[Materials provided]

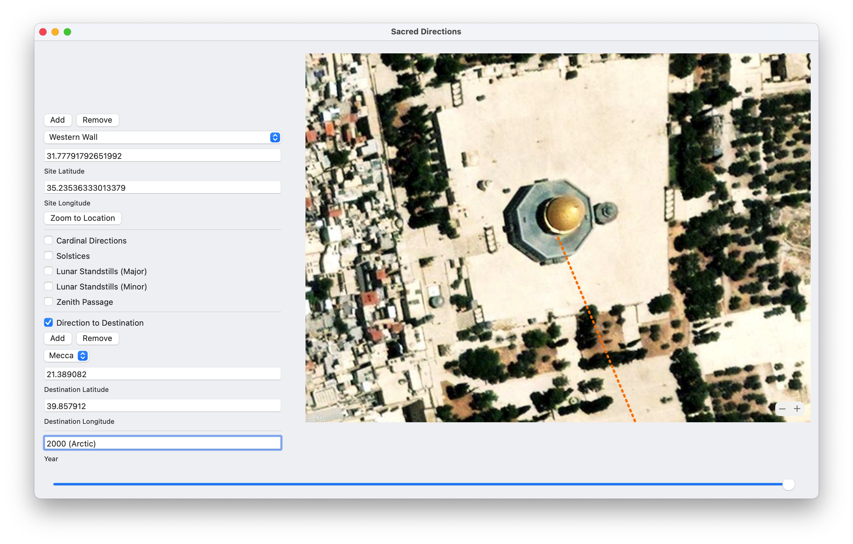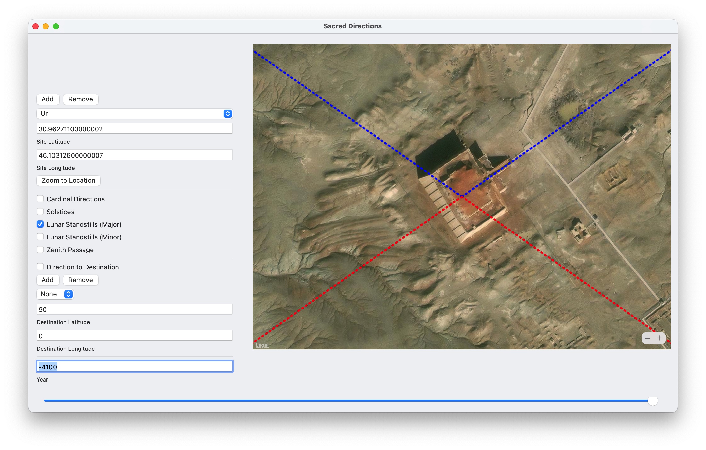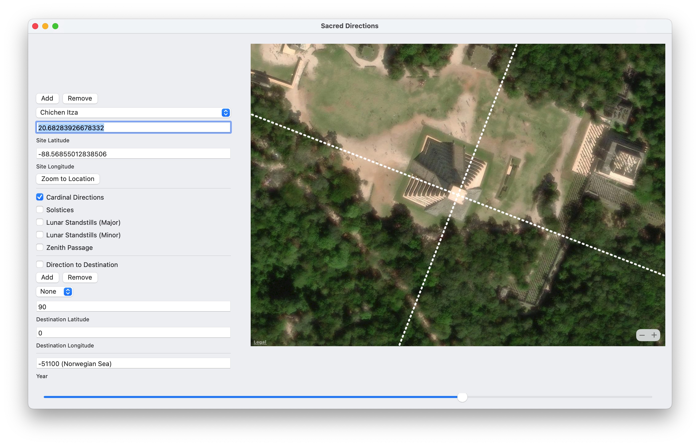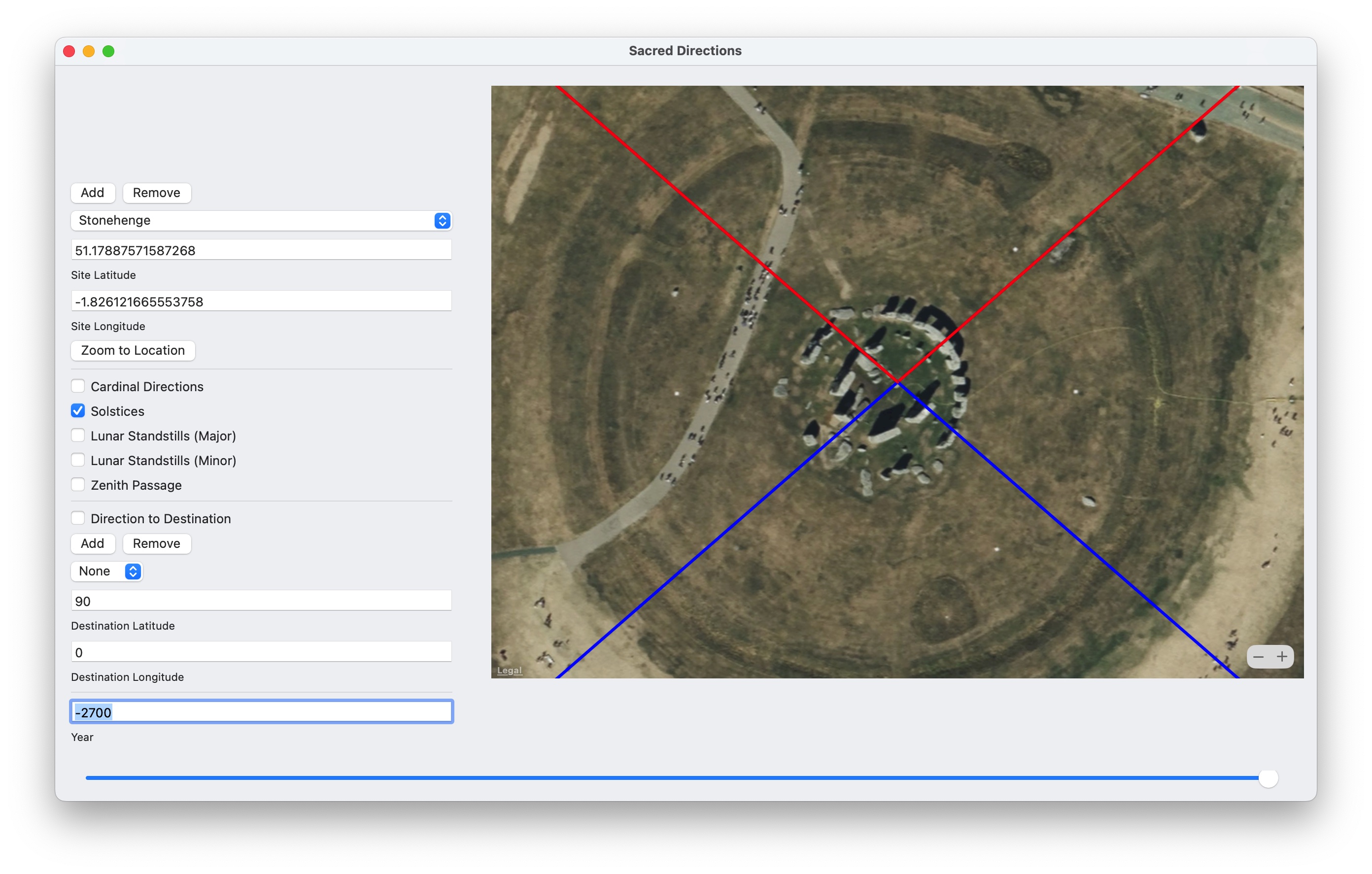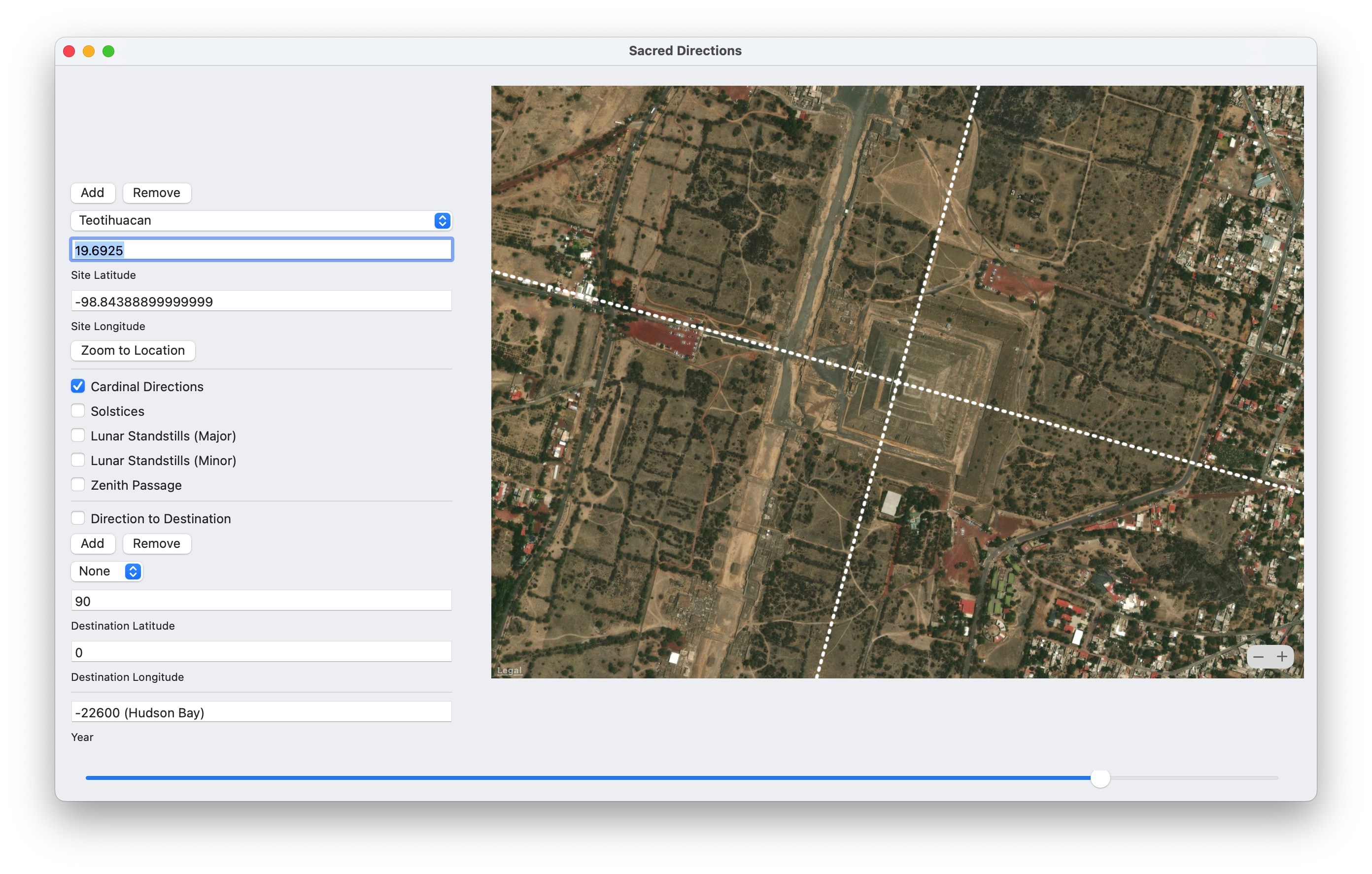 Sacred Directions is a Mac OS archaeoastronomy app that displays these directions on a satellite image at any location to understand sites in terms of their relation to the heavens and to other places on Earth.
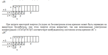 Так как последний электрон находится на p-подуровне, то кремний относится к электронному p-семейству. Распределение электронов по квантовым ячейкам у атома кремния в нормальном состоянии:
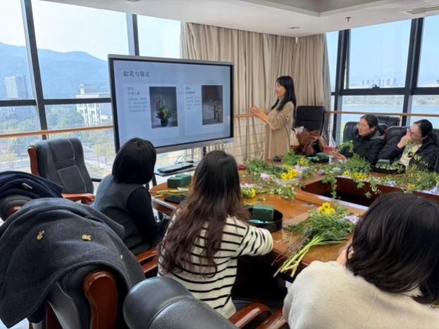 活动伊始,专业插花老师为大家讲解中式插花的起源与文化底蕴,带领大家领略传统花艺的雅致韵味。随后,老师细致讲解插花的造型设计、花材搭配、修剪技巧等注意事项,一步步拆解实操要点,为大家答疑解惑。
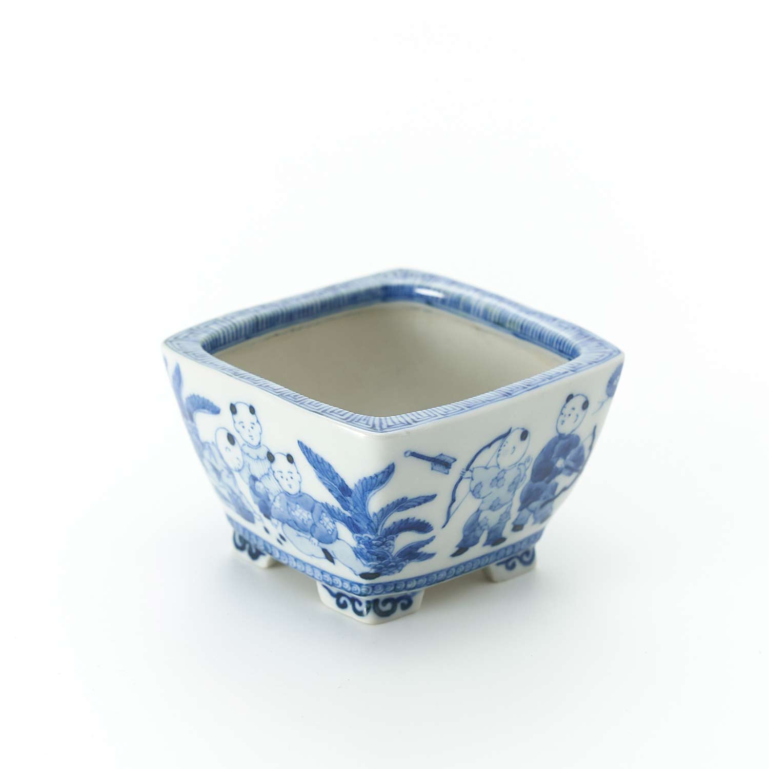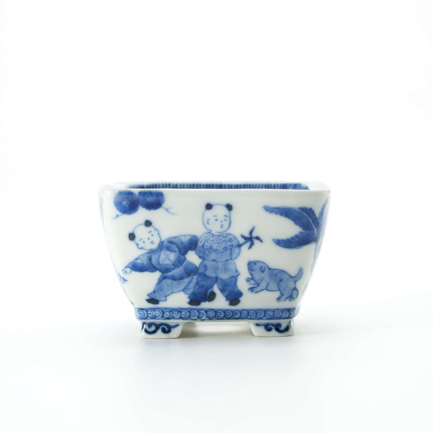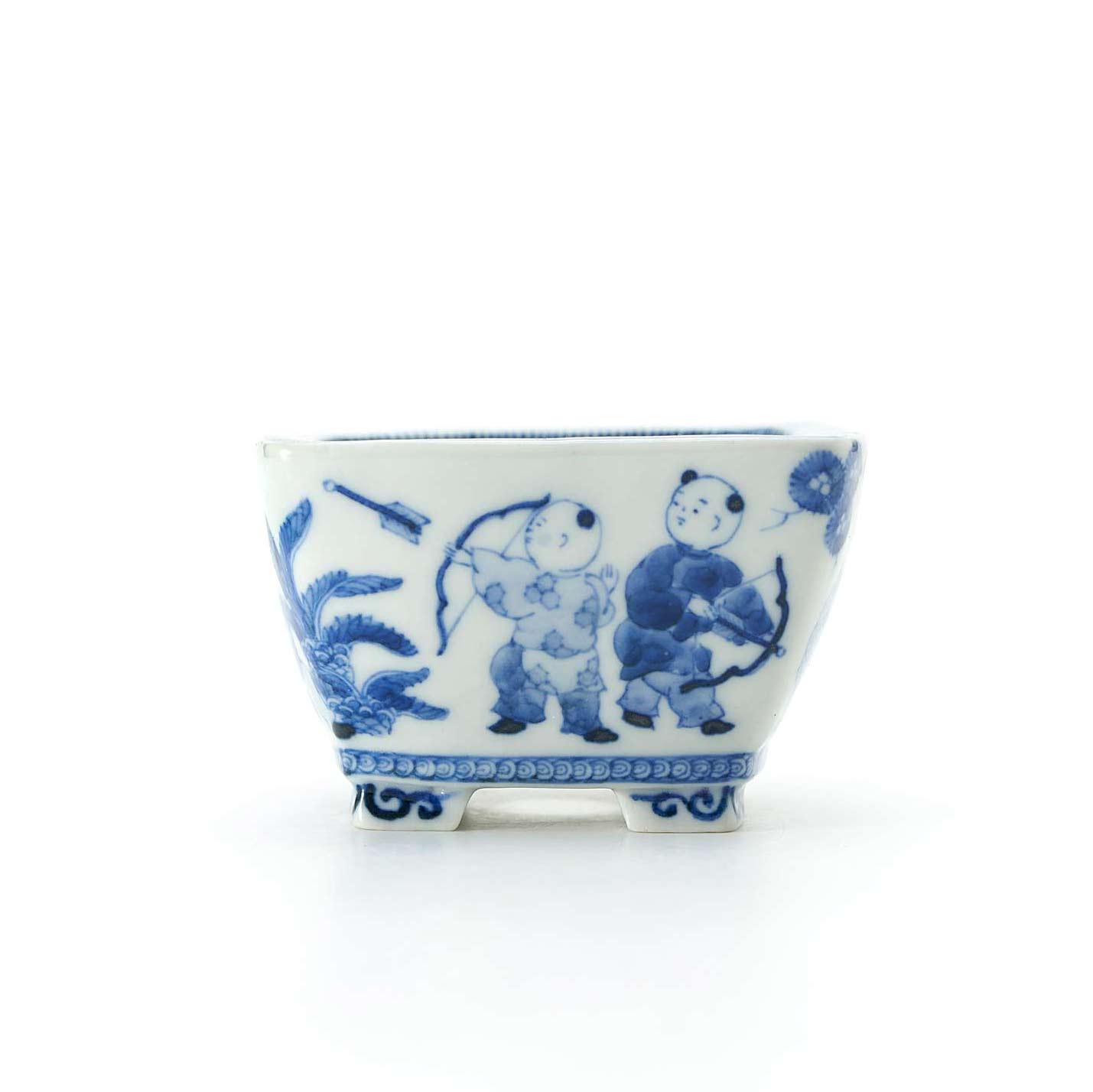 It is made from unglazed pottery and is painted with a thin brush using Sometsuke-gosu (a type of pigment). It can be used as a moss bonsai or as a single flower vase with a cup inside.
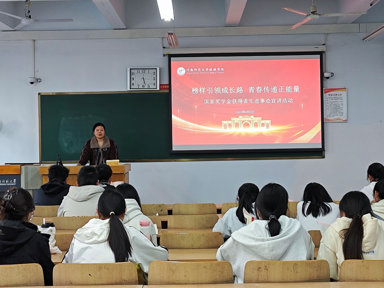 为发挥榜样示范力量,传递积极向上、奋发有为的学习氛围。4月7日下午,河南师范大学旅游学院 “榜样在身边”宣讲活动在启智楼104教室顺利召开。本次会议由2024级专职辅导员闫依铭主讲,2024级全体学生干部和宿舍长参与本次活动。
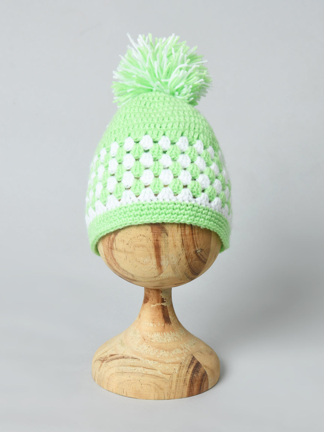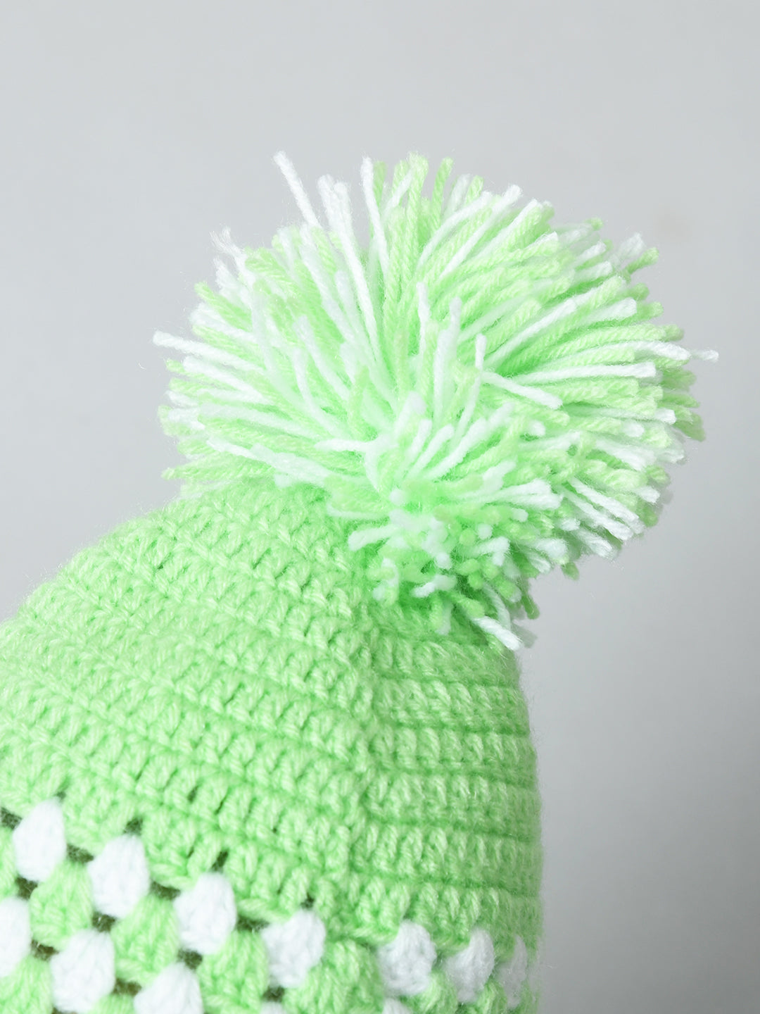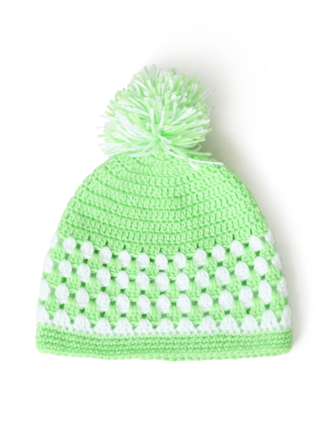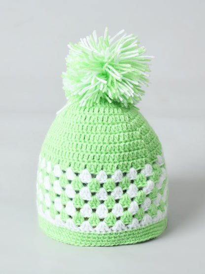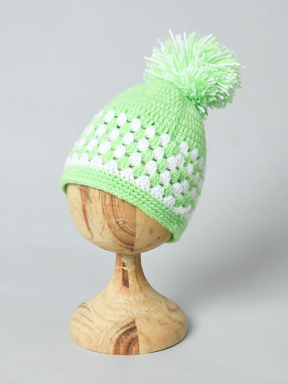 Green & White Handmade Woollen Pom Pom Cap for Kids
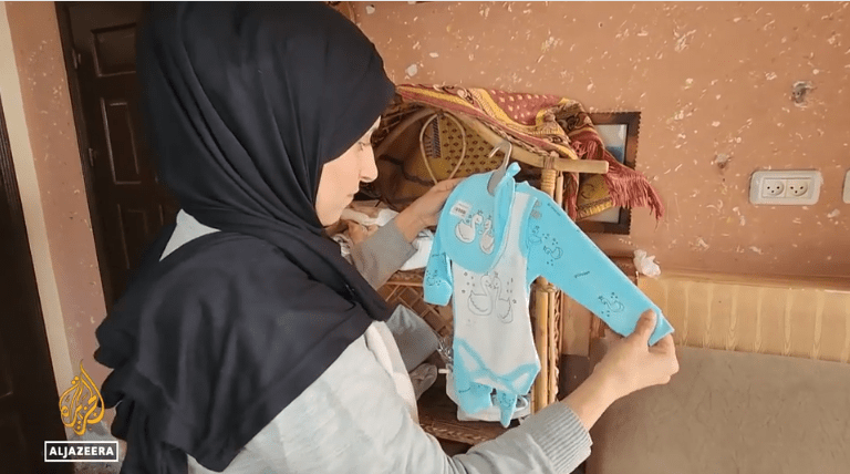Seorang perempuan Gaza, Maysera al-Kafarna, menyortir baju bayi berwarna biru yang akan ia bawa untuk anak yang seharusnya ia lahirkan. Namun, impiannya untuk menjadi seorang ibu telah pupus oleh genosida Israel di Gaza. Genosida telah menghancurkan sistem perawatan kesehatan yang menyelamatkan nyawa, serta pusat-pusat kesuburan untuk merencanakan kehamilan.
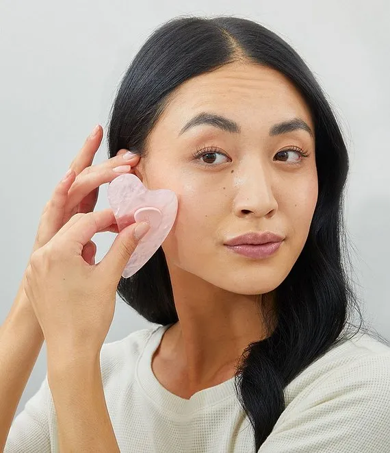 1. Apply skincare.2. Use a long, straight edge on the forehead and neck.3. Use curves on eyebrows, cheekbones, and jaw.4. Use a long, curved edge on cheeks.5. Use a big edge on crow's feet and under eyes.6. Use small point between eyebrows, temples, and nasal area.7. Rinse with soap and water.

[/Materials provided]

# [Work required]
A word-for-word copy of all the records above is required, with the pictures left out.

# [Output]
 Sacred Directions is a Mac OS archaeoastronomy app that displays these directions on a satellite image at any location to understand sites in terms of their relation to the heavens and to other places on Earth.
 Так как последний электрон находится на p-подуровне, то кремний относится к электронному p-семейству. Распределение электронов по квантовым ячейкам у атома кремния в нормальном состоянии:
 活动伊始,专业插花老师为大家讲解中式插花的起源与文化底蕴,带领大家领略传统花艺的雅致韵味。随后,老师细致讲解插花的造型设计、花材搭配、修剪技巧等注意事项,一步步拆解实操要点,为大家答疑解惑。
 It is made from unglazed pottery and is painted with a thin brush using Sometsuke-gosu (a type of pigment). It can be used as a moss bonsai or as a single flower vase with a cup inside.
 为发挥榜样示范力量,传递积极向上、奋发有为的学习氛围。4月7日下午,河南师范大学旅游学院 “榜样在身边”宣讲活动在启智楼104教室顺利召开。本次会议由2024级专职辅导员闫依铭主讲,2024级全体学生干部和宿舍长参与本次活动。
 Green & White Handmade Woollen Pom Pom Cap for Kids
Seorang perempuan Gaza, Maysera al-Kafarna, menyortir baju bayi berwarna biru yang akan ia bawa untuk anak yang seharusnya ia lahirkan. Namun, impiannya untuk menjadi seorang ibu telah pupus oleh genosida Israel di Gaza. Genosida telah menghancurkan sistem perawatan kesehatan yang menyelamatkan nyawa, serta pusat-pusat kesuburan untuk merencanakan kehamilan.
 1. Apply skincare.2. Use a long, straight edge on the forehead and neck.3. Use curves on eyebrows, cheekbones, and jaw.4. Use a long, curved edge on cheeks.5. Use a big edge on crow's feet and under eyes.6. Use small point between eyebrows, temples, and nasal area.7. Rinse with soap and water.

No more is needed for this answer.